'Check Mascoll'
Published on: 10/7/07.
by TREVOR YEARWOOD
AN INDEPENDENT PROBE of Hardwood Housing Factory Inc. (HHFI) should also cover what role, if any, Minister of State in the Prime Minister's Office, Clyde Mascoll, has played in the business.
Opposition Leader David Thompson indicated this in a letter which he has written to Prime Minister Owen Arthur, calling for an investigation into the company's financial dealings.
The letter was delivered to the Prime Minister's Office on Friday.
But chairman of the company, Anthony Hoyos, told the SUNDAY SUN that Mascoll had no professional connections to HHFI, and had simply acted to facilitate the company with regard to Government's housing mission.
He also said the company had no problem with the investigation Thompson wanted and that he was "not worried in the least".
In the three-page letter, copies of which he gave to the media yesterday, Thompson claimed that Mascoll played an active part "in many of the decisions made to facilitate the work of this company and in its day-to-day operations".
Thompson also said during a Press conference at his legal office in Aquatic Gap, St Michael, he was concerned that the company could get such favourable treatment from Government without "a track record" and without going through the tendering process for state projects.
Earmarked
The company was earmarked for building pavilions and "significant areas" of land for low-income housing projects, according to Thompson.

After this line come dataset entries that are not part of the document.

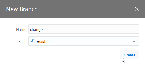 In the New Branch dialog, enter a unique branch name. I used change, but you can use any name you want. Select the appropriate Base branch from the drop-down list. For this repository, master branch is the only option we have. Click the Create button to create the new branch.
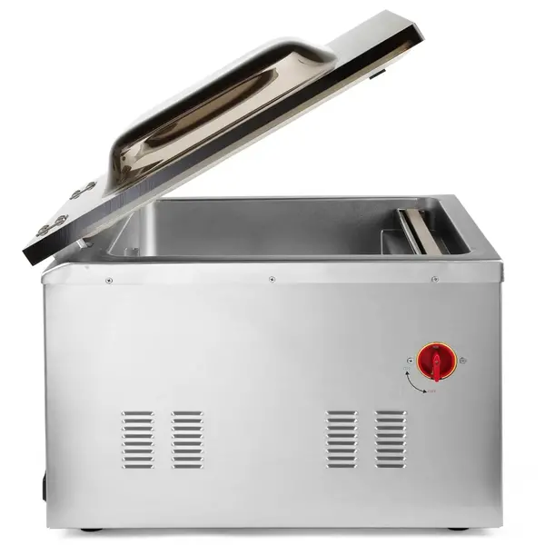 Het apparaat heeft een zeer duurzaam ontwerp met de behuizing en sealkamer in hoogwaardig RVS en het deksel in stevig semitransparant kunststof, zodat het sealproces in de gaten kan worden gehouden. De bolling in het deksel maakt het mogelijk om grotere porties te verwerken, terwijl hoogwaardige oliepomp een hoge druk biedt en zeer snel en efficiënt vacuüm treckt.
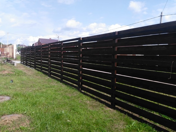 На этом я пожалуй закончу, забор установлен, стоит и радует глаз, дерево пока ничем не пропитывалось и не покрывалось, посмотрим как оно будет чувствовать себя после зимы, возможно нужно будет его чем-то покрыть, а может и так всё будет отлично.
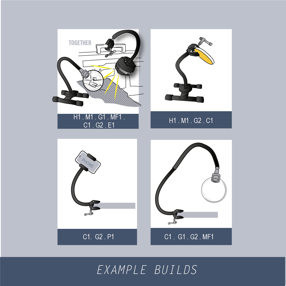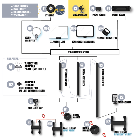 Secondary Utility: Featuring both male and female 1/4 inch threads, this clamp can also attach to the other end of any G1, G2, or G3 gooseneck. Instead of supporting a light or magnifier, it can function as a 'third hand', holding various items in place for hands-free convenience.
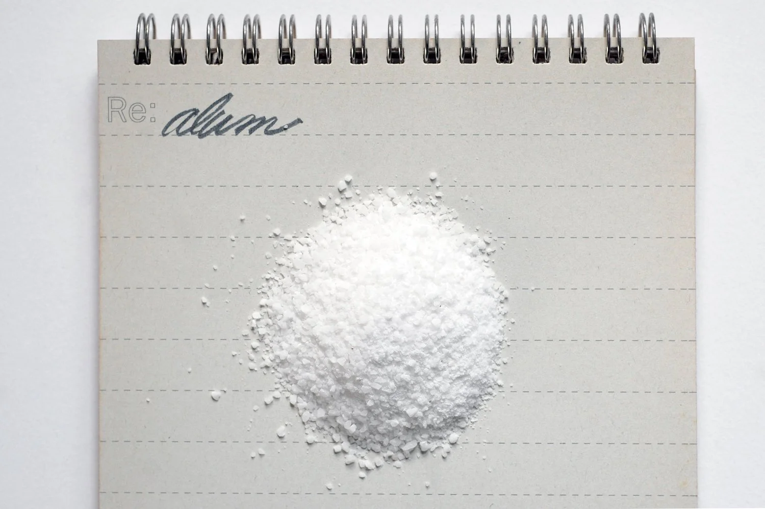 I, like many marblers and dyers, am in the habit of using the term ‘alum’ to refer to two different compounds: potassium aluminum sulfate and aluminum sulfate. These two metallic salts function essentially the same way for mordanting, but it's worthwhile to consider their differences. I will not include aluminum acetate in this discussion, as it is always specified by name and is not in common use for marbling paper.
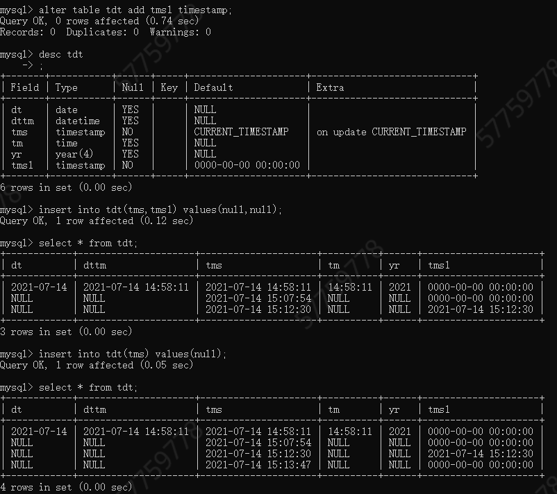 --修改表tdt,增加TIMESTAMP类型的tms1列,并给tms,tms1赋值null mysql> alter table tdt add tms1 timestamp; mysql> desc tdt; mysql> insert into tdt(tms,tms1) values(null,null);
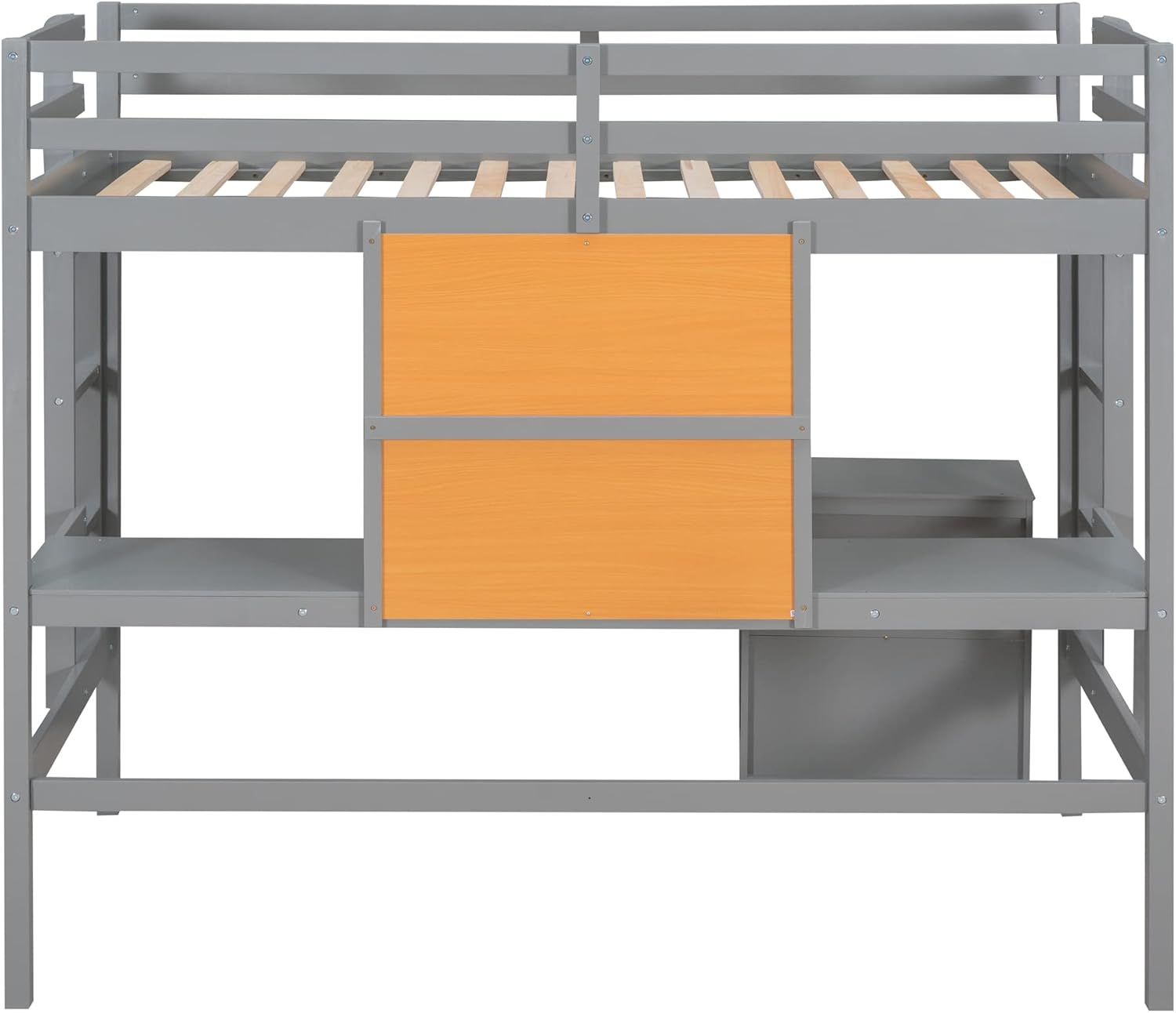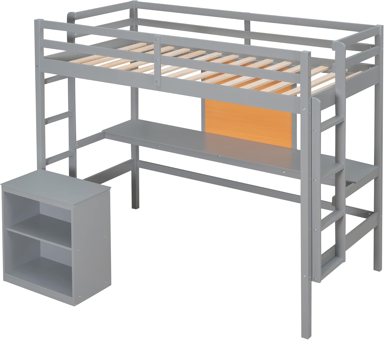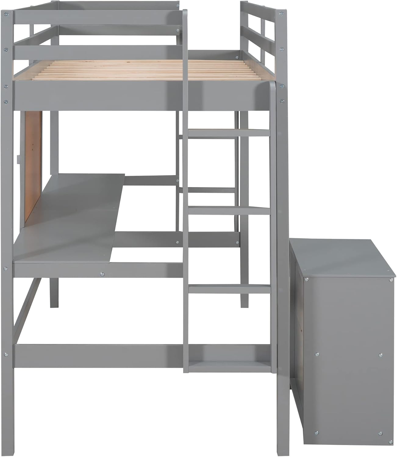 Twin Size Loft Bed with Desk and Writing Board,Solid Wood Twin Loft Bed Frame with 2 Drawers Cabinet and Safety Guardrail for Kids Teens Adults,Bedroom,Gray

Charges raised by the Opposition Leader and Chairman of Parliament's Public Accounts Committee included paying non-national workers more than Barbadians; breaches of "several labour standards"; a cashflow problem; and bounced cheques totalling $30 000.

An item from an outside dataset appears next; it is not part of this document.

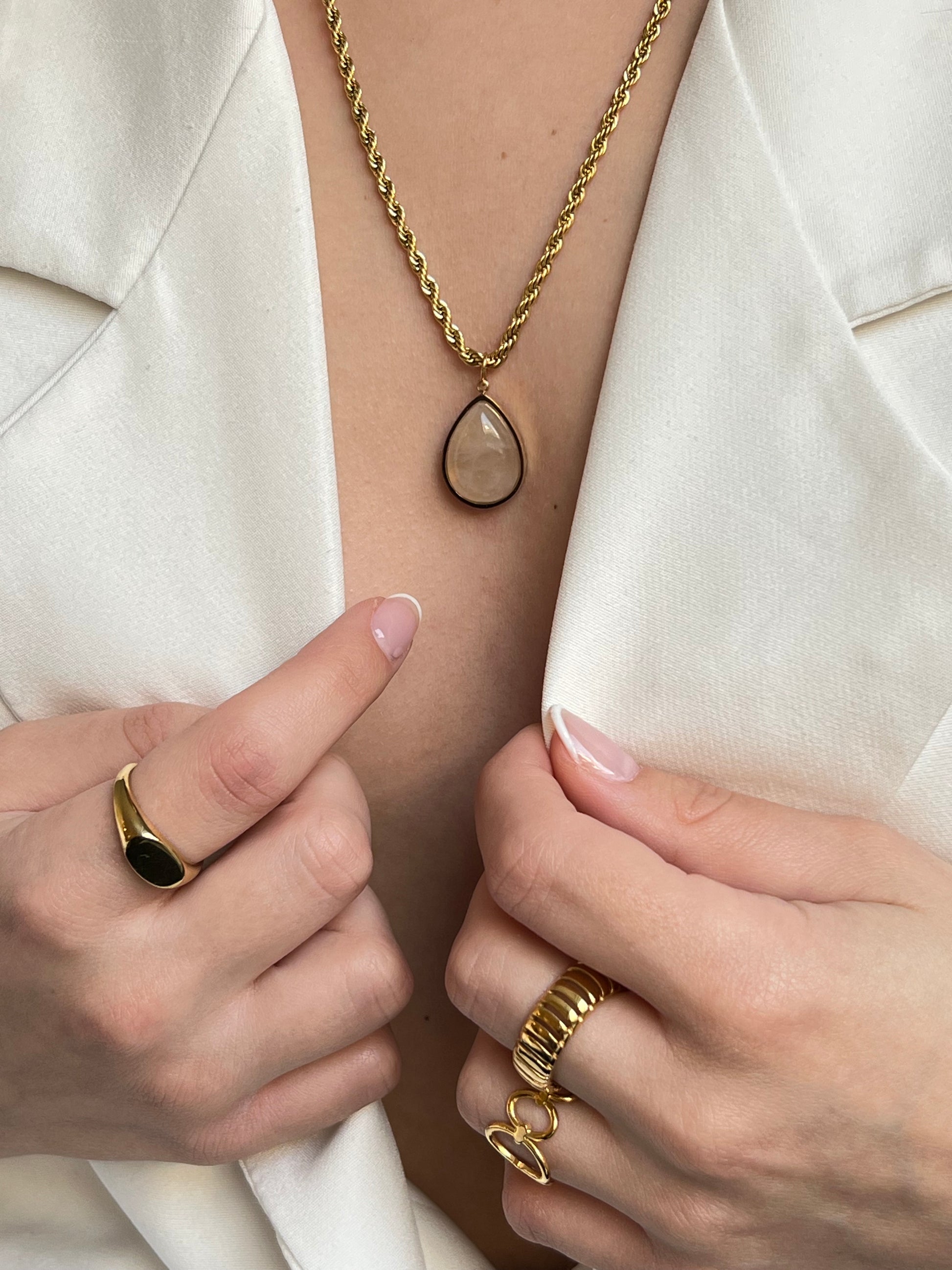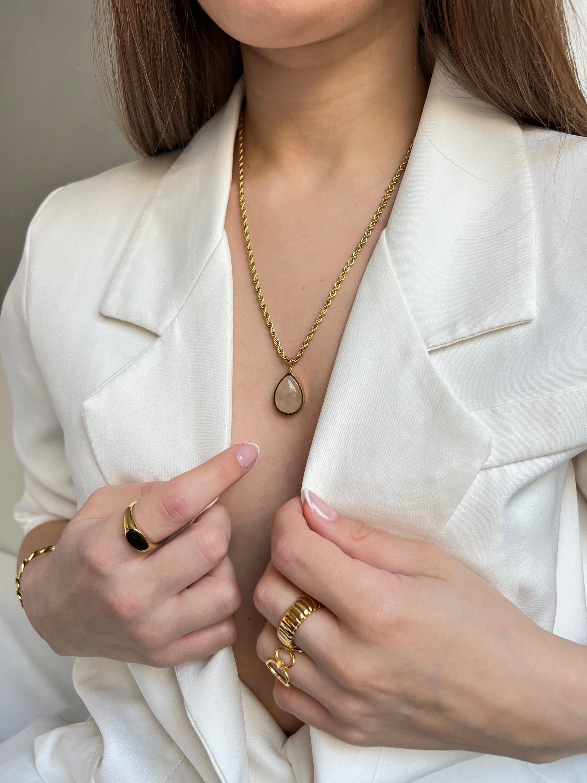 Σας παρουσιάζουμε το Celine - το εντυπωσιακό κολιέ από υψηλής ποιότητας ανοξείδωτο ατσάλι, διακοσμημένο με μια εκθαμβωτική πέτρα. Αναβαθμίστε την εμφάνισή σας με το όμορφο χρυσό φινίρισμα και τον πολυτελή σχεδιασμό του. Ιδανικό για κάθε περίσταση, αυτό το κολιέ είναι απαραίτητο για όσους εκτιμούν τόσο το στυλ όσο και την αντοχή. Ζήστε την ομορφιά και την αίγλη του Celine!

Hoyos admitted that HHFI had a cash flow problem, but disclosed that the company had been able to meet all its debt commitments.
He said nearly all of the company's 27 employees were Barbadians and there was no pay discrimination.
As for the charge of not tendering for Government projects, he stated that the company did not set the rules, but had to negotiate prices with Government.
On the issue of access to substantial portions of Government land for low-income housing projects, Hoyos said: "That is not the case. No land has been given to us."
Thompson called HHI a private company, but Hoyos said the Government had majority interest in the business set up by Anthony Murrell through an investment by the Enterprise Growth Fund.